Photophysical properties in solution

The photophysical characteristics of the new species are summarized in Table 1, and representative UV-vis absorption and emission spectra of the benzo-fused series 1 are shown in Fig. 4 (see Fig. S9‡ for spectra of the thieno-fused series 2). Their overall photophysics are more complex, have considerably larger extinction coefficients, and are tunable over a wider range than those of previously reported smaller P-heteroacenes,^6,53 but largely resemble those of related functionalized anthanthrenes.^26,55 The observed superior photophysics can thus be attributed to the distinct molecular geometry of the extended 2D nanocarbon scaffold.

Fig. 4 Absorption spectra (a), major transitions involved (b), and emission spectra (c) in CH₂Cl₂ of the benzo-fused isomers trans-1-O and cis-1-O along with the isomeric mixtures of P-reduced 1 and P-methylated 1-Me.

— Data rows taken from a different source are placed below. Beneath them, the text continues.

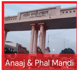
Anaaj & Phal Mandi
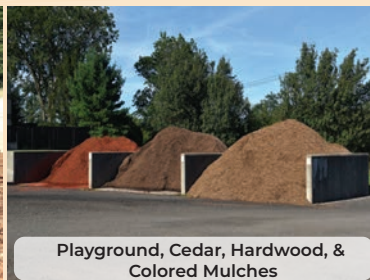
Playground, Cedar, Hardwood, & Colored Mulches
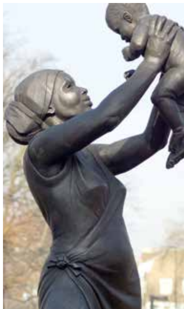
The Bronze Woman

The final building on Cormont Road is the smaller mansion block Dover House , named after the English town that gave sanctuary to the Minet family in the 1680s.
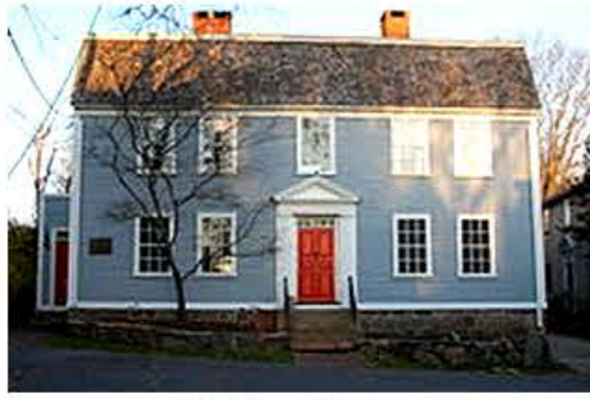
John Glover House
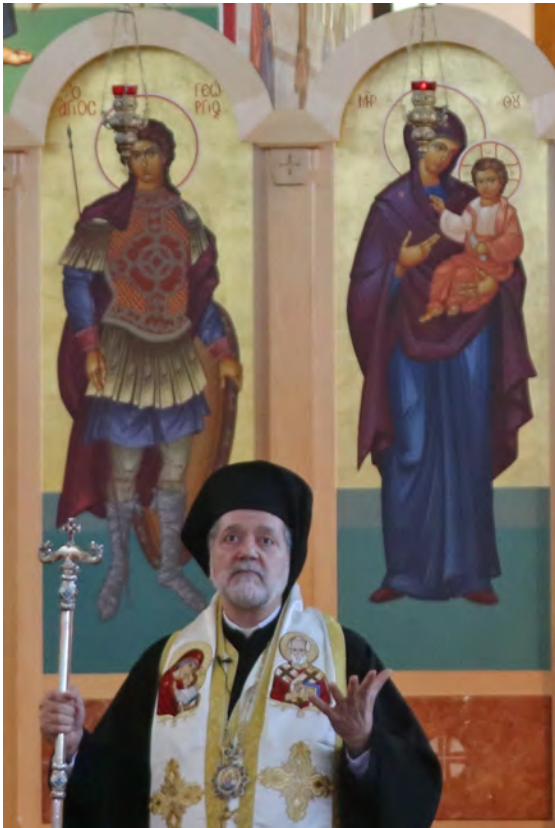
Photo: His Eminence Preaching at the Pentecost Liturgy - St. George Church, Bloomfield Hills, MI

When we consider how we live our lives, I think it is fair to say that we usually find ourselves living according to how we were brought up as well as according to how our own personal life experiences have changed us. We receive something from our homes and something from the world in which we live.
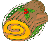
Winter begins, Dec. 22
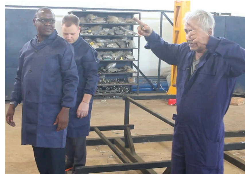
Engineers Team discussing before assembling
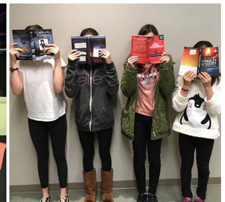
Advance Readers unite!
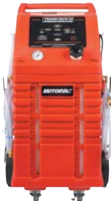
The TransTech service kit is specifically formulated to be used with the TransTech system!
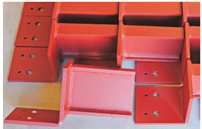
Brackets for a Glass Canopy.
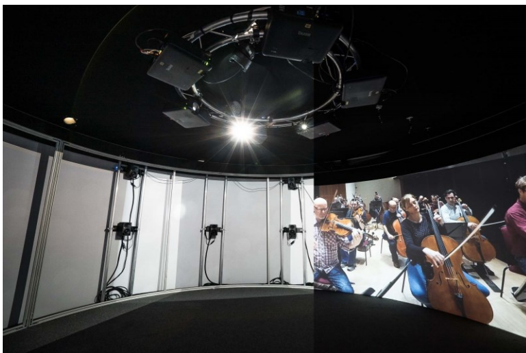
The Neumann KH 80 DSP loudspeakers are set up in a 9.1 arrangement behind the acoustically transparent screen of the Igloo cylinder, fully enveloping visitors in the orchestra sound

The environments act like a giant VR headset: Wraparound sound and vision immerse entire teams in 360° or VR content. With Igloo spaces ranging in size from 5 to 21 metres in diameter, up to 750 people can join the experience and be engaged, inspired or entertained. Adding the Sennheiser AMBEO 9.1 system means that true 3D spatial soundscapes can be reproduced, enabling sound designers to precisely pinpoint the locations and sources of different sounds, accurately linking what is seen with what is heard.
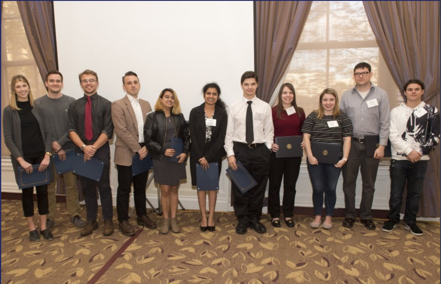
2017 Games4Health Winners at the 3rd Integrative Conference on Technology, Social Media, and Behavioral Health .
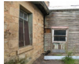
121693_former survey office_Helenslee_Heathcote_April_2010 (1).jpg
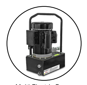
Multi-Electric Pump 110V/Single Phase (Optional)
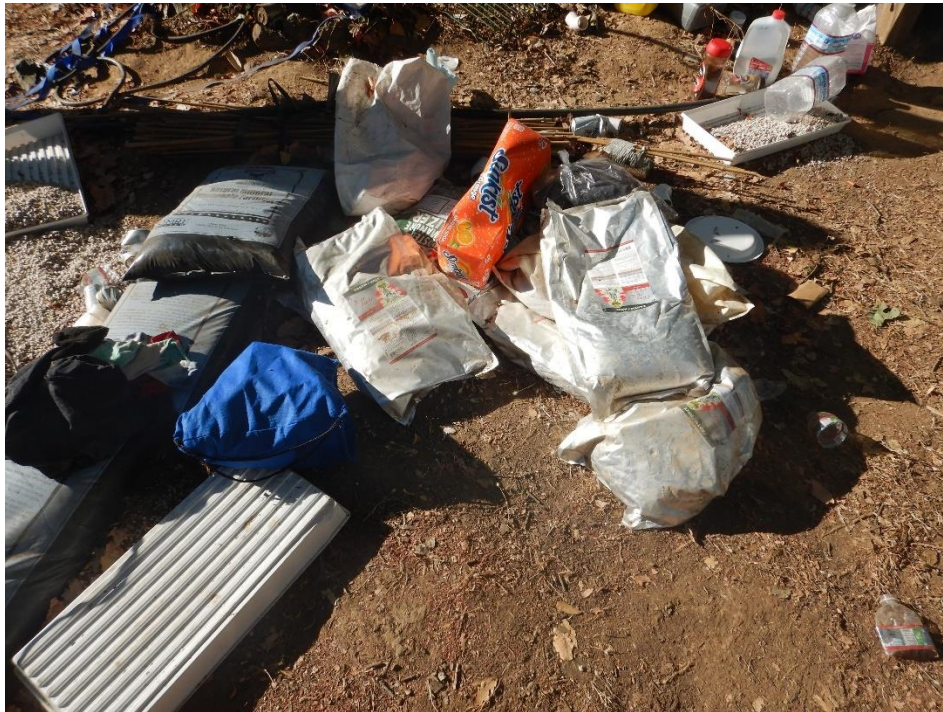
Photo 4—Refuse associated with cannabis cultivation in the vicinity of WQ1.
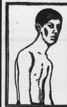
A NERVOUS WRECK
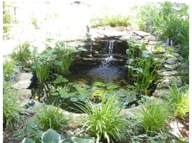
New members Ron and Theresa Webb's shaded pond is just one feature in their beautifully landscaped yard, which includes many plants, flowers and grasses.
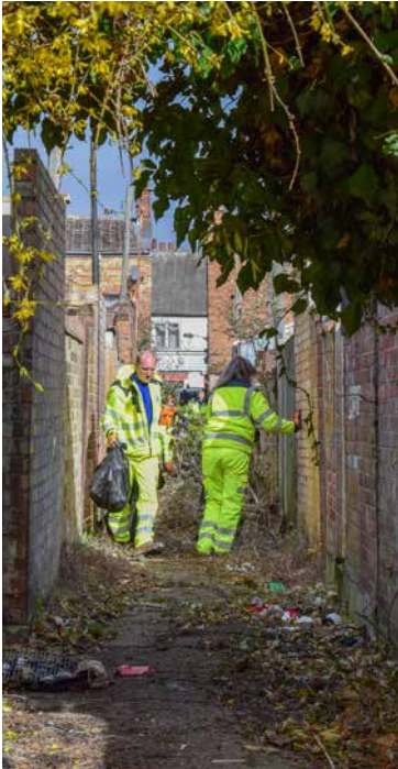
Clean-Up Team at Loke Road

Specifically, all absorption spectra of the 1 and 2 series of compounds exhibit high- (356–376 nm) and low-energy (509–540 nm) absorption peaks, each with additional vibrational sidebands. Representative TD-DFT calculations for cis-2-O indicate that the low-energy absorption arises from HOMO → LUMO transition, and the high-energy absorption consists of a combination of HOMO → LUMO+2, HOMO-3 → LUMO, and HOMO-1 → LUMO+1 transitions (see Fig. S7‡). These are symmetry-allowed a_g-to-b_u or b_u-to-a_g excitations. Here, we use the irreducible representations of the C_2h symmetry of the core planar structure to label the orbitals. The latter is a typical feature for rigid polyaromatic hydrocarbons including anthanthrenes.²⁶

The overall absorption patterns for the isomers trans-1-O and cis-1-O as well as their λ_max values are quite similar (356 and 509 nm; Fig. 4 and Table 1). The same is true for trans-2-O and cis-2-O, albeit somewhat shifted (366 and 517 nm; Fig. S9a‡), because of the altered electronics resulting from different terminal rings in 1 and 2 series. However, the extinction coefficients of trans-1-O are larger than those of cis-1-O, while the situation is reversed for trans-2-O and cis-2-O (Table 1). While TD-DFT calculations show qualitatively identical oscillator strengths within each pair of cis and trans isomers (Table S1‡), we nonetheless posit that the observed extinction coefficients are due to different absorption cross-sections from geometrically distinct isomers.⁶ The photophysics of the trivalent species 1 and 2 experience a small redshift for the high energy bands with Δλ_abs = 13 nm for 1 and Δλ_abs = 10 nm for 2 (Fig. 4 and S9‡), and their extinction coefficients are the highest in each of their respective series (up to 134 200 M⁻¹ cm⁻¹). Methylation of the P-centers commonly stabilizes the LUMO in similar systems,^56,57 and this is also manifested in the low energy bands for 1-Me and 2-Me that have the most red-shifted Δλ_abs, with notable values of 24 and 23 nm, in their respective series.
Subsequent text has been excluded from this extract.